> **DESCRIPTION OF THE TASK**: Among the entries below, which lines run from the line with "点击我的vip会员,这里有个" through the line with "Lampadario vintage ottone"? Retype those, both ends included, exactly and without pictures.

> **GIVEN INFORMATION**:

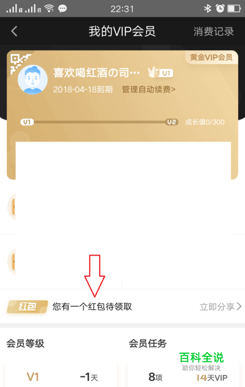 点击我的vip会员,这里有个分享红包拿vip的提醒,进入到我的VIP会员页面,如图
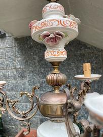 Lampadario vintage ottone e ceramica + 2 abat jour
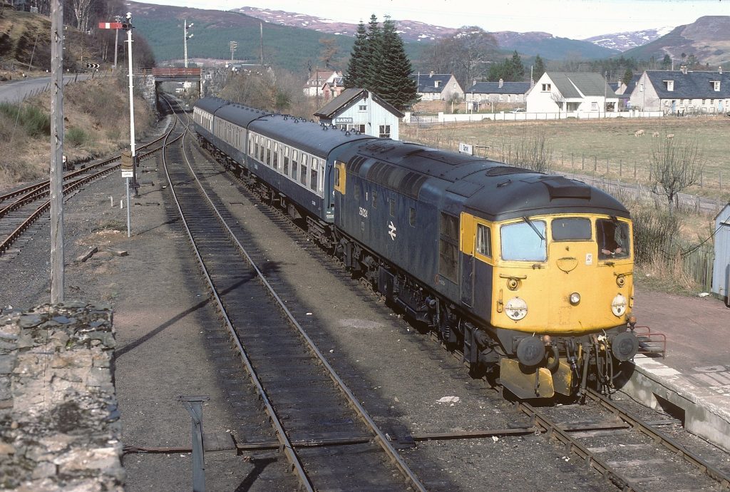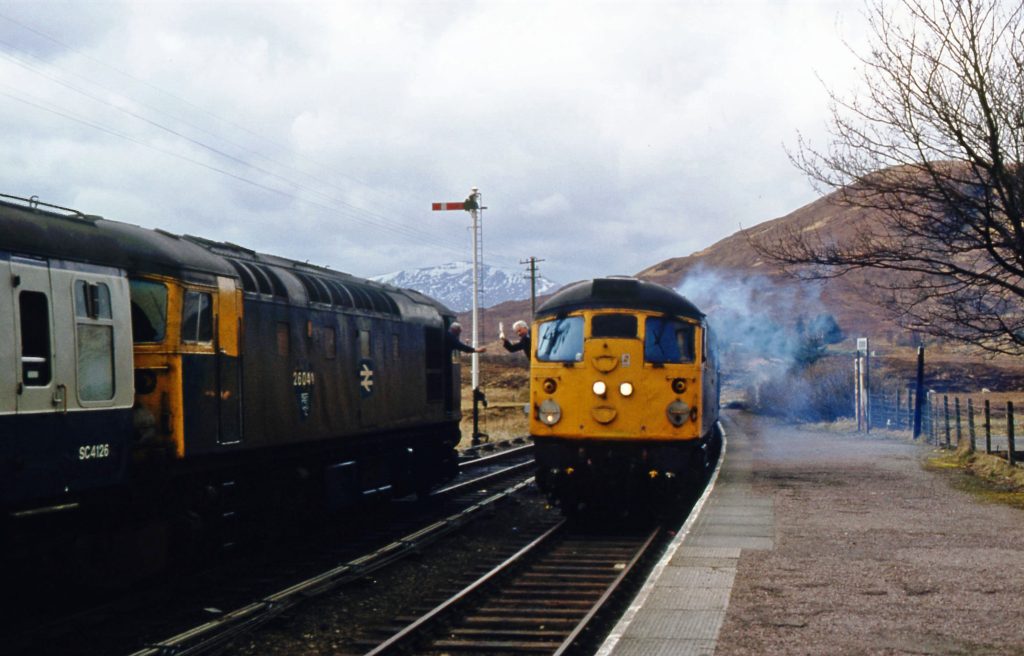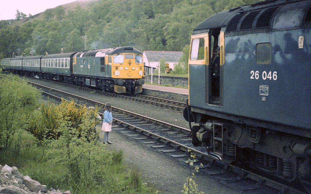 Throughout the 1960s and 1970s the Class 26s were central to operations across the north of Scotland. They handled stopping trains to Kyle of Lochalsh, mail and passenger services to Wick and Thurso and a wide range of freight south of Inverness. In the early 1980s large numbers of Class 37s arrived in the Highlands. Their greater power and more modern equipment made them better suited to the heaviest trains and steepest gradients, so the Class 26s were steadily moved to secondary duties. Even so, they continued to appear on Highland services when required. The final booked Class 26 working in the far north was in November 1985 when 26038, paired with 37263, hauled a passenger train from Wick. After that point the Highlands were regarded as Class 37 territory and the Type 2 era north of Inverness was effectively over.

==

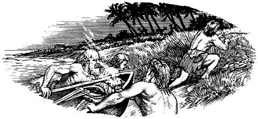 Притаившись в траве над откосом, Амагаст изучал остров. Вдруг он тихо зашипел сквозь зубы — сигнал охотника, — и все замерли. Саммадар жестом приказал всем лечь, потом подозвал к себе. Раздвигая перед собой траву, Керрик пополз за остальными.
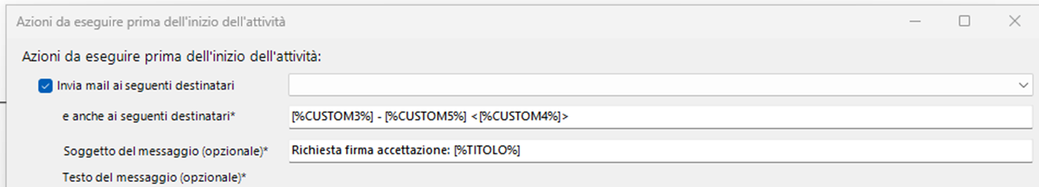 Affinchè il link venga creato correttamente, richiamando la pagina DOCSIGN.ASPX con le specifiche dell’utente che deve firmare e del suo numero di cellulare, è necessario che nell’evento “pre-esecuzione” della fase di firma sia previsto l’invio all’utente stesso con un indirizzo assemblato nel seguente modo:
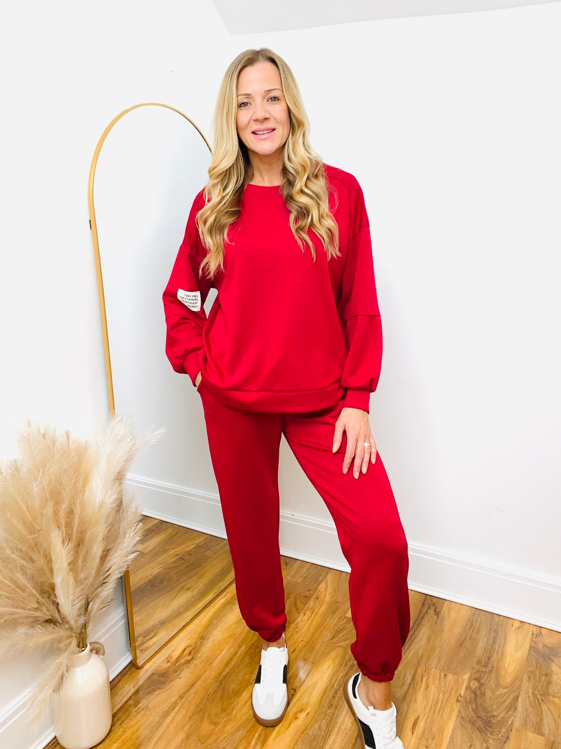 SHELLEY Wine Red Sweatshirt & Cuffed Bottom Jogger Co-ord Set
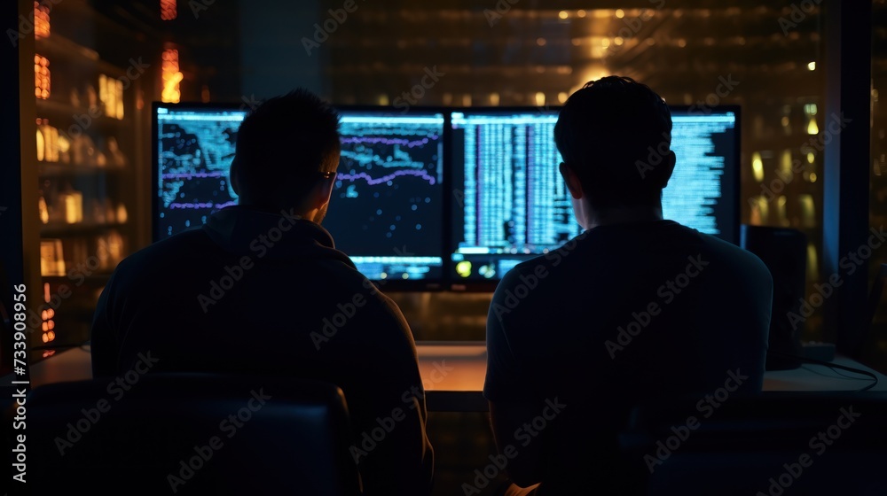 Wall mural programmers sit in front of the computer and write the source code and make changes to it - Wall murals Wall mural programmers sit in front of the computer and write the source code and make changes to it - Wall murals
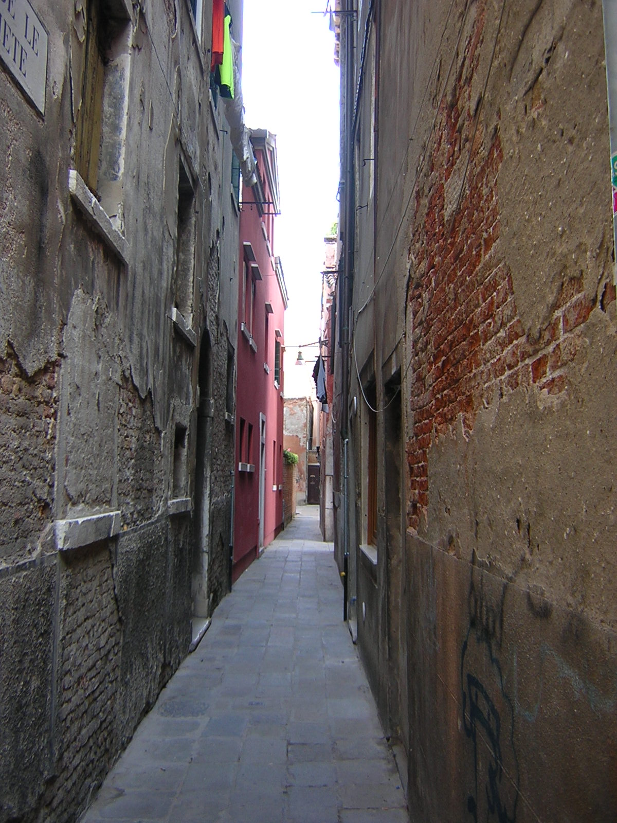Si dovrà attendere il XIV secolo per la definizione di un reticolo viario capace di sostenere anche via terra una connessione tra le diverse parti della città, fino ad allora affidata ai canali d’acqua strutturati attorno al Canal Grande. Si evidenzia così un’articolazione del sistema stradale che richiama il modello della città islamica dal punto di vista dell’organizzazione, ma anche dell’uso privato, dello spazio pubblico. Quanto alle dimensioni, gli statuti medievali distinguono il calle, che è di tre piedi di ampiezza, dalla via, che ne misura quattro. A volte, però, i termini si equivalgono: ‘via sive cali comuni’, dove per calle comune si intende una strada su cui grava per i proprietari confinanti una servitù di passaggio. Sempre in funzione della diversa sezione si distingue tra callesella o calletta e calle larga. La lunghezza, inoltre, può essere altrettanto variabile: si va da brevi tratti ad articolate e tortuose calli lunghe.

> **ANSWER SPACE**:
 点击我的vip会员,这里有个分享红包拿vip的提醒,进入到我的VIP会员页面,如图
 Lampadario vintage ottone e ceramica + 2 abat jour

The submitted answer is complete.